With Hong Kong registering one of its worst days of air pollution recently, the issue of air quality and how to clean up the city is being discussed with renewed vigour. As government bodies and the public work to figure out solutions, private sector figures are also playing a huge part in helping to solve what is justifiably considered a crisis in Hong Kong.
Among those making an impact is Dr Conn Yuen, director and founder of CO2nnsulting (pronounced "consulting"), a carbon-neutral-sustainability boutique consultancy, which advises on unique environmental, climate and energy projects.
Yuen's personal vision, as well as that of her company, is to revolutionise current practices in the architectural and construction fields to promote environmental considerations, reduce urban heat islands (metropolitan areas that are significantly warmer than their surrounding rural areas) and improve air ventilation through architecture and design. She advises government bodies and developers on sustainable master planning, renewable energy projects, air-ventilation assessments, corporate sustainability and climate-change services, and carbon audit and management.
"I was always interested in fluids and how things move," Yuen says. "When I came to Hong Kong, I was interested to see how buildings interacted to disperse the pollution and exhaust fumes through air movement. I started looking at the planning of Hong Kong and that's when I started helping the planning department to come up with outline zoning plans to improve the ventilation."
Some of the planning projects that Yuen has been involved in include air ventilation assessments in Shau Kei Wan, Kowloon Bay and Causeway Bay. She has also been involved in town planning and architectural projects such as the Tung Chung 37 Residential Project and the Marriot Courtyard Hotel in Sha Tin.
While Yuen's business is making positive contributions to the environment, she is humble when asked if she feels she is making a difference.
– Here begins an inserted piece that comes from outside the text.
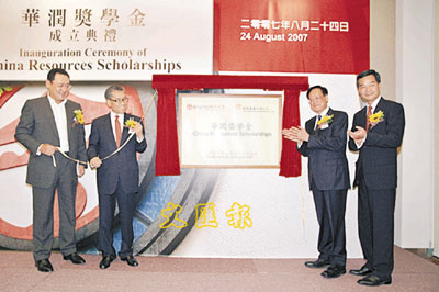 獎學金的成立典禮昨舉行。由華潤集團董事長陳新華、副董事長及總經理宋林、嶺大校董會主席梁振英及嶺大校長陳坤耀主禮。陳坤耀表示,「華潤獎學金」的設立除惠及內地偏遠地區的學生外,更可豐富嶺大的學生來源,加強嶺大國際化的發展,令海外及本地生同樣受惠。

"I don't think about it like that," she says. "I do it because it's interesting, and I feel fortunate I can find some use for my interests and apply them to something tangible. That excites me a lot. We're all just trying to do our bit."
Yuen was educated in Britain and boasts a successful career as a thermofluids specialist working for industry heavyweights such as Rolls Royce, Alstom Power gas turbines and Dyson cyclonic vacuum cleaners.
Perhaps it was her time at Dyson that offered a hint of her life's calling. "When I was working at Dyson, it was a very small company at the time and no one had heard of them," she says. "I worked in the R&D department, which was only me really, and I spent all day testing the [vacuum] cleaner and measuring its performance. The design involved a cyclone and I realised that what happens in household things can operate on a bigger scale."
She explains that this insight helped to build her knowledge about flow and movement, which defined her later career. "I realised that if flow can work in a vacuum cleaner and in buildings, then buildings are a lot more tangible and you can really make a change. The time to make a change is also so much shorter, so I moved into the building industry," she says.
Yuen's scientific obsession with the study of flow eventually saw her going back to university to study thermofluids at Imperial College London. "My research then was to catalogue images of dots and flows in helicopter engines, then analyse how big the recirculation zone was," she says. "I really loved looking at science. If it doesn't work, you try and figure it out. You get cuts and bruises but eventually it works. It's just really fun. I started thinking, 'Wow, I really like doing this.'"
Her passion led to two research offers: one to work with cars, the other with turbines. Naturally, she chose turbines. While her research and academic success would be the envy of many, finding a job after finishing her doctorate proved no easy task.
"Some of the obstacles I faced included HR trying to match keywords in my résumé to job descriptions, rather than looking at the whole," she says. "I wrote hundreds of letters and spent so much on stamps. It was expensive back then."
Eventually Yuen got her break when a fellow aeronautical engineer saw her résumé and knew what she could do. Since then, Yuen has been involved in international architectural projects including the Vattanac Capital Tower in Cambodia, the Satra Tax Plaza in Vietnam and the Brooklyn Bridge Park in New York.
Yuen says her favourite projects so far have been the ones that have had more of an environmental impact than a visual one. Her long-term vision, however, is not just about air quality.
"I want to create a low-carbon city. I'd like to lower our emissions, energy and water use, and I'm not talking about building carbon-negative cities. You have to do it in steps," she says. "It starts with the little things, for example, like not dropping rubbish on beaches. I've seen progress in Hong Kong since 2005 when I first came. At least people now have an awareness."